1.1972382-1509071059
Christine Nxumalo poses with a picture of her sister of Virginia Nxumalo, one of the 94 mentally ill patients who died last year, in her kitchen in Johannesburg, South Africa. Image Credit: AFP

JOHANNESBURG: The deaths of nearly 100 psychiatric patients last year in South Africa’s most developed province have prompted anger at government officials who transferred the patients to non-governmental groups allegedly operating with invalid licenses.

While President Jacob Zuma on Thursday expressed condolences to the families of the dead, some opposition leaders said the president was ultimately responsible for the scandal. They called for the resignation of David Makhura, the premier of Gauteng province. The Democratic Alliance, South Africa’s main opposition party, planned a candlelight vigil late Thursday outside Makhura’s office in Johannesburg.

The province’s top health official has already quit.

Only one of the deaths was linked to a mental illness, while 93 other patients died because of dehydration, diarrhoea and other conditions that could have been treated, according to a health watchdog report. It cites reports that some non-governmental institutions were overcrowded and lacked enough food and staff.

The health department in Gauteng had transferred nearly 1,400 patients from a licensed facility to cut costs.

Gauteng includes the capital, Pretoria, and the nation’s commercial hub, Johannesburg.

Zuma’s office said the president thanked health ombudsman Malegapuru Makgoba for the report on the deaths, noting that it will help the government “ensure that such a tragedy does not recur in the health sector.”

The report said some state mental health workers had been concerned about the transfer of the patients, and became frustrated because they felt their leadership was not listening to them. Some workers broke down with emotion while being interviewed, it said.

Many of the deaths were due to pneumonia, dehydration and diarrhoea, as the patients were hurriedly shifted to 27 “poorly-prepared” facilities in an apparent cost-cutting measure that showed evidence of neglect.

The health ombudsman report, which sparked uproar in South Africa, detailed how some patients were collected from the Life Esidimeni hospital in the northern Gauteng province using open pickup trucks.

Patients were then selected in a process like an “auction cattle market”, before being taken away and then often shuttled between several of the new care centres.

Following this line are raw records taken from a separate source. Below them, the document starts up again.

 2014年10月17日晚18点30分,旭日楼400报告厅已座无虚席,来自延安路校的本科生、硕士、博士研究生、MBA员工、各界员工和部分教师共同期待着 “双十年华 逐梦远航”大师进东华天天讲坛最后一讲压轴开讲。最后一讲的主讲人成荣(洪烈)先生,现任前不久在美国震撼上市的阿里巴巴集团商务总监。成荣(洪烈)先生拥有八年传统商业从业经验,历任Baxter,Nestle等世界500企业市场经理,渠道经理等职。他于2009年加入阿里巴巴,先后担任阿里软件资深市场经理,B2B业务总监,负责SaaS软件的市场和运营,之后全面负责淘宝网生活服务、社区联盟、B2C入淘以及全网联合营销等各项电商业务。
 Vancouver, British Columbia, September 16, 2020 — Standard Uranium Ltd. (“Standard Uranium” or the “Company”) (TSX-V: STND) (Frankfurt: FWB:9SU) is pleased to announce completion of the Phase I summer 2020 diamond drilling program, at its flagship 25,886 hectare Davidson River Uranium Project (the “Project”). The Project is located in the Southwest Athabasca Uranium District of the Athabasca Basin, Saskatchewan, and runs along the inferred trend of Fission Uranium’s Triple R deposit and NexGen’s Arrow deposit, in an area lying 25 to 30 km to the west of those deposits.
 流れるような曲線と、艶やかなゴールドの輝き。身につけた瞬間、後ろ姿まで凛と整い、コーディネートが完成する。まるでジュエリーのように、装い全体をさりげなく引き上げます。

As the scandal broke, provincial health minister Qedani Mahlangu resigned over the findings, which directly implicated her in the move.

According to the report, relatives were left in the dark over where the patients were — or even if they had died in the overcrowded, unheated centres that some witnesses said were like “concentration camps”.

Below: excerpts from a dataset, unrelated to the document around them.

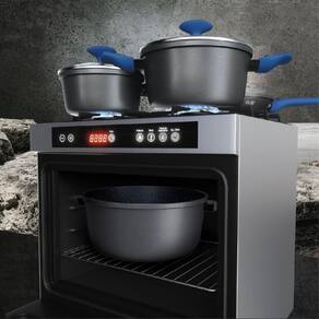 Revestimento antiaderente premium: facilita o preparo dos alimentos, evitando que grudem e permitindo uma limpeza rápida e prática. Compatibilidade com indução: cozinhe de forma eficiente com distribuição uniforme do calor. Design moderno cor azul. Tampas de vidro temperado: com saída de vapor para preservar o sabor e os nutrientes. Cabos ergonômicos e seguros: oferecem conforto e segurança durante o manuseio. Resistência e durabilidade: fabricado com materiais de alta qualidade, resistente a riscos e abrasões.
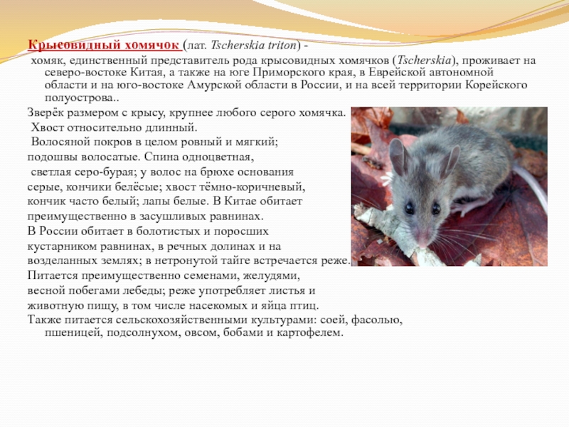 Также питается сельскохозяйственными культурами: соей, фасолью,пшеницей, подсолнухом, овсом, бобами и картофелем.
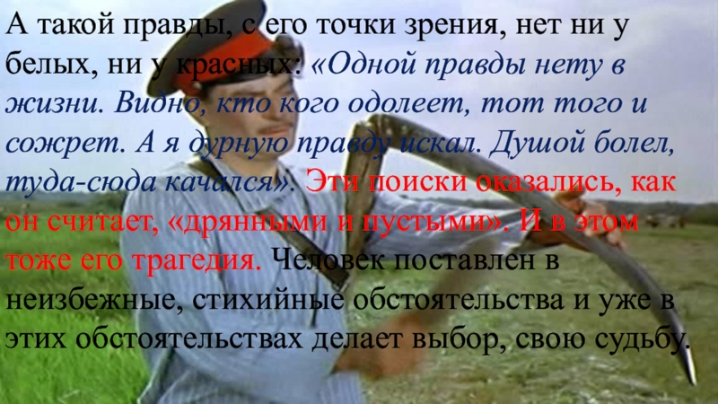 ни у красных: «Одной правды нету в жизни. Видно, кто кого одолеет, тот того и сожрет. А я дурную правду искал. Душой болел, туда-сюда качался». Эти поиски оказались, как он считает, «дрянными и пустыми». И в этом тоже его трагедия. Человек поставлен в неизбежные, стихийные обстоятельства и уже в этих обстоятельствах делает выбор, свою судьбу.
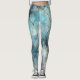 Turquoise Abstract Watercolor Gold Glitter Leggings
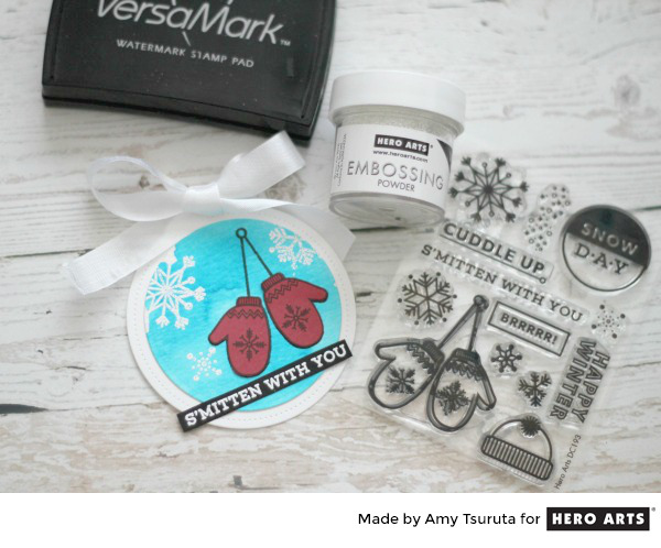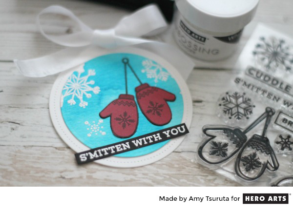 I had so much fun designing this tag! I used the Hero Arts Kelly’s S’mitten Stamp & Cut set. The mittens have been paper pieced with Blush Mixed Layering Paper. The snowflakes have been heat embossed with White Embossing Powder.
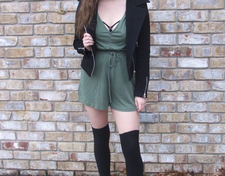 This outfit in particular is a typical look for me. Rompers are everything, and the possibility for wearing them is endless. I’ve been gravitating towards olive green as my go-to neutral this season. A little style advice? Never be afraid to pair low cut pieces with simple accessories in order to create the potential for day-to-night transition. Just add a good heel and smoked out eyes and you’re ready for that party. Oh, and I know you’re loving these black leather boots. Comfy and fashion forward, they’re my winter favorites to finish off any outfit. The final addition of a strappy bralette and fitted jacket make me street ready for both a walk to class or night out with my friends.
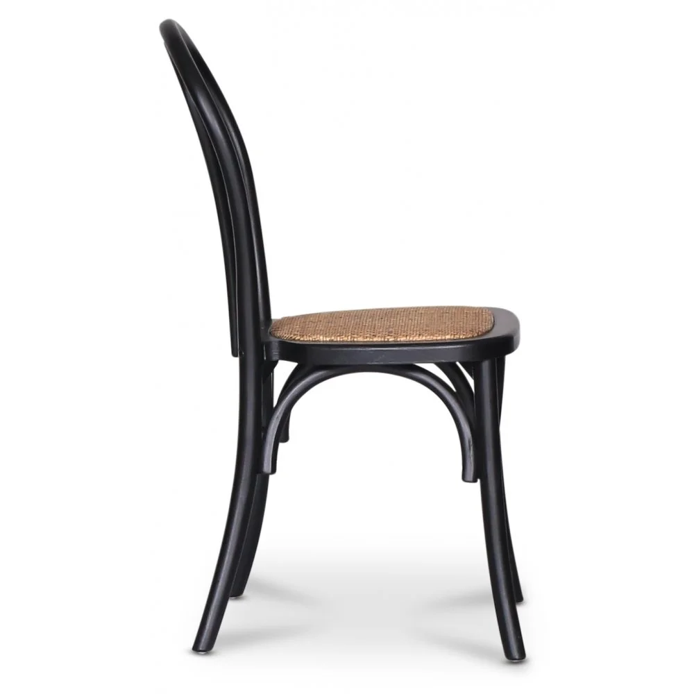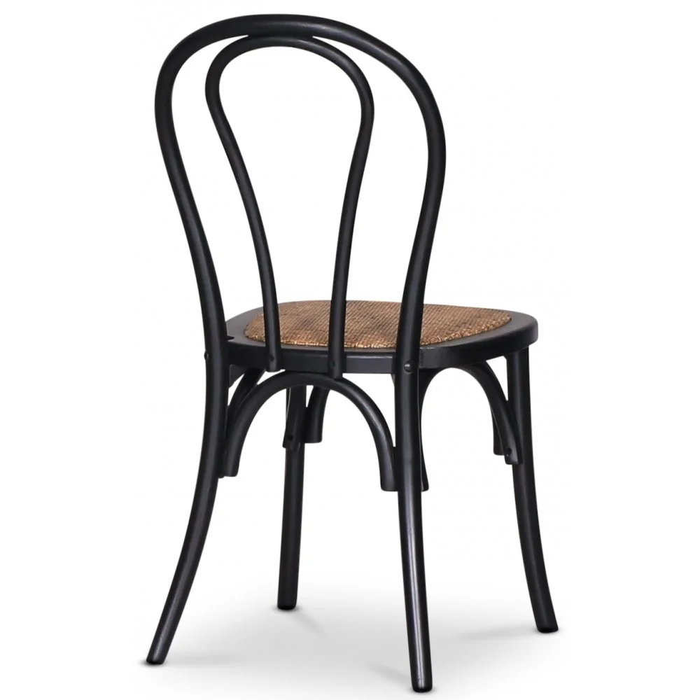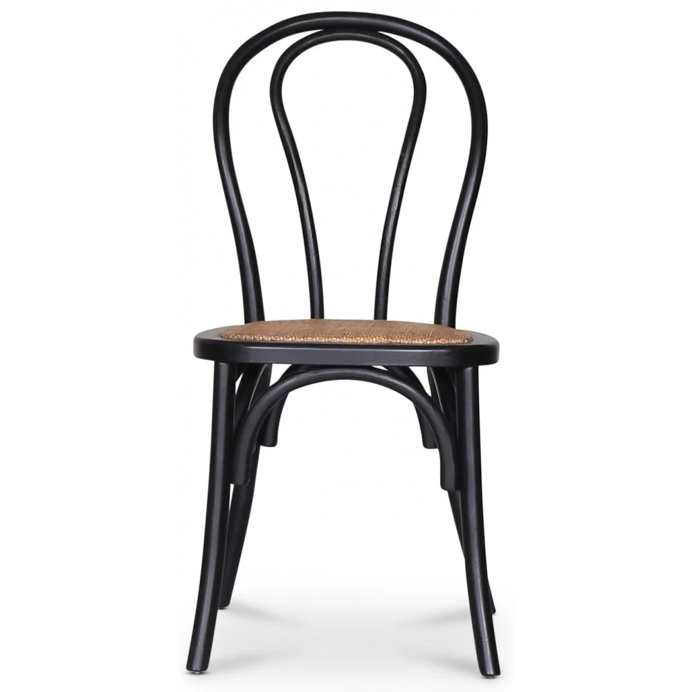 Stol med stomme av svart massiv bok och sits av antikfärgad rotting. Teknik för att böja träet har använts i designen. En stilig stol i neutrala färger, kombinera gärna med ett passande matbord.

The centres also failed to provide seriously ill patients with enough food and water, leaving them severely malnourished, underweight and in some cases dying from dehydration.

Gauteng’s provincial health department had terminated its long-standing contract with the Life Esidimeni hospital and moved more than 1,300 patients to an “unstructured, unpredictable, substandard caring environment”, the report said.

“One person has died from a mental health-related illness. None of the 93 (others) have died from a mental illness,” health ombudsman Malegapuru Makgoba told local media as the report was released.

“The Gauteng Health Department took patients from a licensed institution and handed them over to unlicensed facilities,” he added.

Makgoba said the death toll was likely to rise as investigations continued into the fiasco.

The report pointed towards the neglect that led to the deaths being caused by profit-seeking.

The 27 health care centres “were mysteriously and poorly selected” and were “unable to distinguish between the highly specialised non-stop professional care requirements ... and a business opportunity,” it said.

Gauteng Premier David Makhura vowed to hold accountable all the responsible officials.

The opposition Democratic Alliance party expressed outrage over the findings, and accused the government of lying about the death toll when reports of the tragedy began to emerge.

“Criminal charges should also be laid against all implicated parties,” said the party’s provincial shadow health minister.